Jesse claims, in the README, that with this workflow Claude can work autonomously for a couple of hours at a stretch without deviating from the plan. That's not marketing. I've lived it. I've written a spec at the start of an evening, signed off on a plan, hit go, and come back hours later to code that mostly worked. Not slop. Code that passed tests I'd helped specify, sometimes after another round of revision. In a language I don't really speak.
DevCloud came together partly because of Obra Superpowers. And partly because I spent months earlier doing smaller things in this codebase. Not because I learned the language. Because I expanded outward from where I was already strong, in pieces.
The thing I want you to take from this
The moral I'd like you to leave with is short, and it's the one piece of advice I'd give anyone who's been wanting to contribute to something outside their stack: start with small things, expand quickly, and learn the basics last.
All three matter. Start with small things. Don't try to ship a feature in week one. Find the edges, the DevOps work, the docs, the things that map cleanly to what you already do. Be useful immediately, in a way that doesn't require you to first become someone else.
Then expand quickly. Don't park there. Pick a small task one step further than you're comfortable with, and ship it. Then one further. Then a hybrid. Then the big one. The trap isn't starting too small. That's smart. The trap is staying small. The progression is what gets you to the place where the language isn't the bottleneck anymore.
Then learn the basics. After you've built a mental model of the project, not before. By then you know which parts of the language actually matter for the work in front of you, and which are folklore. This won't make you a senior engineer in it. A senior engineer still has leverage you won't (they know the runtime, the ecosystem, the gotchas) and any serious project will still want one. What AI changes is the starting point: you can start contributing before you're that person, and learn on the way.
Six months is what it took me, end to end, from "I had no idea what I was doing" to building a real product in a language I don't speak. Most of those months were not spent learning Node. They were spent contributing, in stages, and letting the contribution itself teach me what I needed to know, in the order I needed to know it.
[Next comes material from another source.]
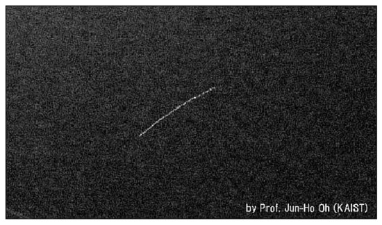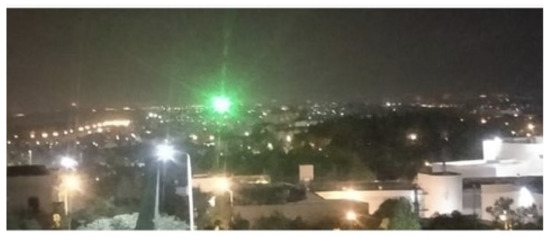 The space laser–communication research field is not limited to the Earth–space link. New space developments can also support satellite networks which are based on laser communication. NASA has already created the CubeSat Laser Infrared CrosslinK (CLICK) [15] mission to demonstrate a full-duplex optical communication crosslink between two 3 U small spacecrafts in LEO. The goal of this mission is to create a satellite constellation or swarm that carries one or more moderate- to high-resolution imaging or scientific sensors and communicates at high speed. The concept of a nano-satellite with emitting lights that should be visible by the naked eye was first implemented on the FITSat-1 nano-satellite [16]. Figure 2 presents the first LED flashing of FITSat-1 (2012). Finally, NASA’s Terabyte InfraRed Delivery (TBIRD) program is designed to allow 200 Gbps laser communications system for LEO direct-to-Earth missions; recent preflight tests [17] show promising results regarding the ability of optical ground stations to track and establish laser links with FSO nano-satellites.
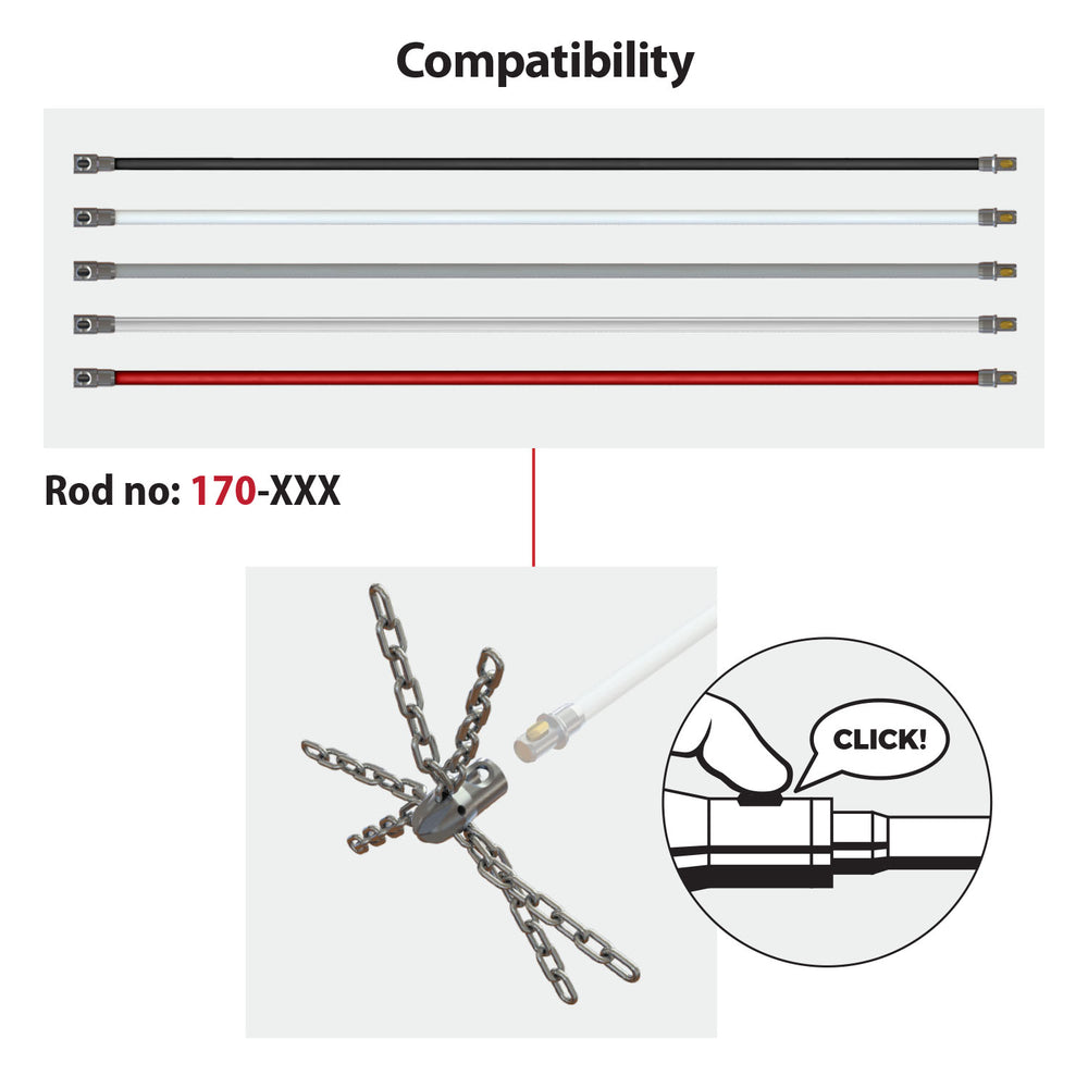 Šepečio galvutė su nerūdijančio plieno grandine, ø 30 cm skersmens: Ši didelio atsparumo šepečio galvutė specialiai sukurta kietoms kreozoto ir dervos nuosėdoms iš kaminų ir dūmtraukių šalinti. Nerūdijančio plieno grandinė suteikia papildomo tvirtumo sunkiai pašalinamoms sankaupoms ir gali būti pakeista, kai susidėvi, taip pailginant įrankio tarnavimo laiką.

If you've been waiting to contribute to something outside your stack: the time to start is now, and the first step is much smaller than you think. Open Mercato is a good place to do it. There's still plenty of room to start small and expand quickly, across infrastructure, application code, and product features.
If you've been doing something similar at the edges of your stack, I'd like to hear about it. The "I built X in a language I don't speak" club is a real club, and I keep learning things from comparing notes.